We conclude that the district court properly held that Medley was an underwriter, and therefore not exempt from the registration requirements. We also conclude that the district court did not err in ordering that Medley disgorge all profits, with interest, he obtained from these transactions. However, we conclude that genuine issues of material fact precluded the entry of summary judgment as to the imposition of the civil sanctions — specifically, the second-tier penalties and the five-year injunction. We therefore vacate the summary judgment on civil sanctions and remand for an evidentiary hearing.

I

The claims against Medley arise from a series of “reverse merger” transactions. A reverse merger is a transaction in which a privately-held corporation acquires a publicly-traded corporation, thereby allowing the private corporation to transform into a publicly-traded corporation without the necessity of making an initial stock offering. Often, and in the three reverse mergers at issue here, the public corporation is a shell company with minimal assets and liabilities and no actual operations. To effect the reverse merger, the shell public corporation will exchange its trea[1047]*1047sury stock for all outstanding shares of the privately-held corporation. In consideration, the controlling shareholders of the shell public corporation transfer a majority of their shares to the owners of the private corporation. After the transaction, the newly merged public corporation will assume the identity and name of the former private company. Thus, the private corporation is transformed into a publicly traded company, without going through the complicated process of an initial stock offering.

Since 1992, Medley has been in the business of assisting private corporations to become publicly-traded corporations through reverse merger transactions. Medley would identify a suitable public shell company into which the private company would merge, advise the private company, coordinate the transaction with both parties, and assist with the paperwork involved in such a transaction.

In the transactions at issue here, Medley assisted his co-defendants in arranging reverse mergers for three privately-held companies: M & A West and two of its subsidiaries. Medley helped to seek out public shell companies that were willing to enter into a reverse merger. Medley then prepared the documentation for the merger and acted as a conduit for the negotiations.

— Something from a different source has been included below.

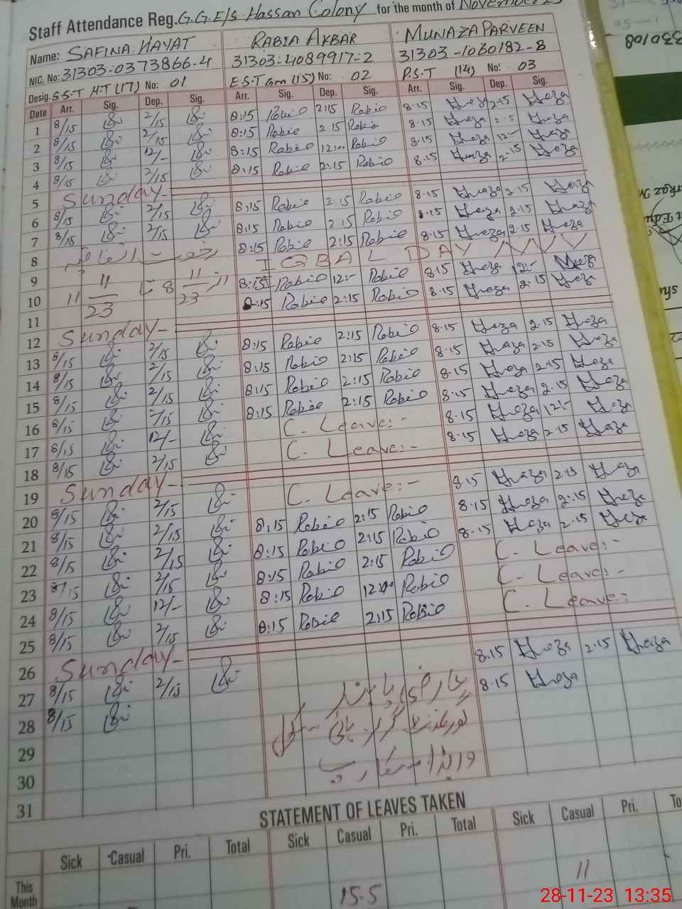 | CNIC | Full Name | Designation | R/C | Absence During Last Calender Month |

The owners of the shell companies used in these transactions were compensated largely through the retention, and eventual sale, of a small portion of the stock in the newly-merged entities. Medley was compensated for his work through both a cash fee and a block of shares in the newly-merged company. Medley and the former shell owners all entered into “lock-up” agreements allowing the immediate sale of a small portion of their shares, with the remaining shares becoming eligible for sale in blocks every month for the following six months.

A

The VirtualLender Transaction

The first reverse merger involved M & A West Financial, Inc., a wholly-owned subsidiary of M & A West. During the merger process, M & A West Financial, Inc. was known as Virtuallender.com, Inc. (“VirtualLender”). Medley was hired in late 1998 or early 1999 to assist with arranging a reverse merger for VirtualLen-der. Medley identified Golden Chain Marketing, Inc. (“Golden Chain”), as a suitable public shell company for a reverse merger and prepared the documentation for the reverse merger.

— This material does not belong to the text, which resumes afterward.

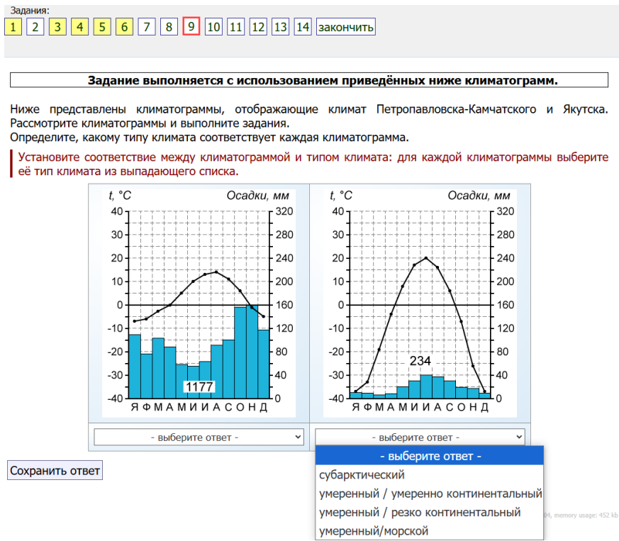 9. Ниже представлены климатограммы, отображающие климат Петропавловска-Камчатского и Якутска. Рассмотрите климатограммы и выполните задания. Определите, какому типу климата соответствует каждая климатограмма. Установите соответствие между климатограммой и типом климата: для каждой климатограммы выберите её тип климата из выпадающего списка.

The transaction was accomplished in a “Reorganization and Stock Purchase Agreement” on February 4, 1999. Under this agreement, Golden Chain and/or its shareholders transferred 95% of the outstanding Golden Chain shares to Virtual-Lender or its assigns, in exchange for all of the outstanding shares of VirtualLen-der. Golden Chain then changed its name to VirtualLender.

As part of Medley’s compensation, he received 100,000 shares in VirtualLender.2 Medley and the former Golden Chain shareholders signed lock-up agreements for the shares they retained. Medley was also paid $50,000 in cash. Within seven months of the merger, Medley sold a portion of his VirtualLender stock to the public for a profit of approximately $208,000. Within the next nine months, Medley sold [1048]*1048additional shares to the public for a profit of approximately $10,800. No registration statement was filed for these sales.

B

The M & A West Transaction

The second reverse merger involved M & A West itself and Buffalo Capital TV, Ltd. (“Buffalo Capital”), a public shell company. In April 1999, Medley prepared documents and helped facilitate a reverse merger between M & A West and Buffalo Capital. This transaction was accomplished through a two-step structure in which two separate agreements were set to close on the same day.

Under the “Reorganization and Stock Purchase Agreement,” dated April 19, 1999, all of the shares of M & A West were transferred to Buffalo Capital. In exchange, M & A West and/or its assignees received 69% of the outstanding Buffalo Capital stock, including both existing shares and new shares issued from Buffalo Capital’s treasury. The agreement specified that Medley was to receive 110,000 of the existing common shares from Buffalo Capital’s shareholders “[a]t the closing.” The agreement also provided that, on the closing date, Buffalo Capital’s officers and directors would be replaced by Scott L. Kelly, an officer of M & A West. Buffalo Capital then changed its name to M & A West, Inc.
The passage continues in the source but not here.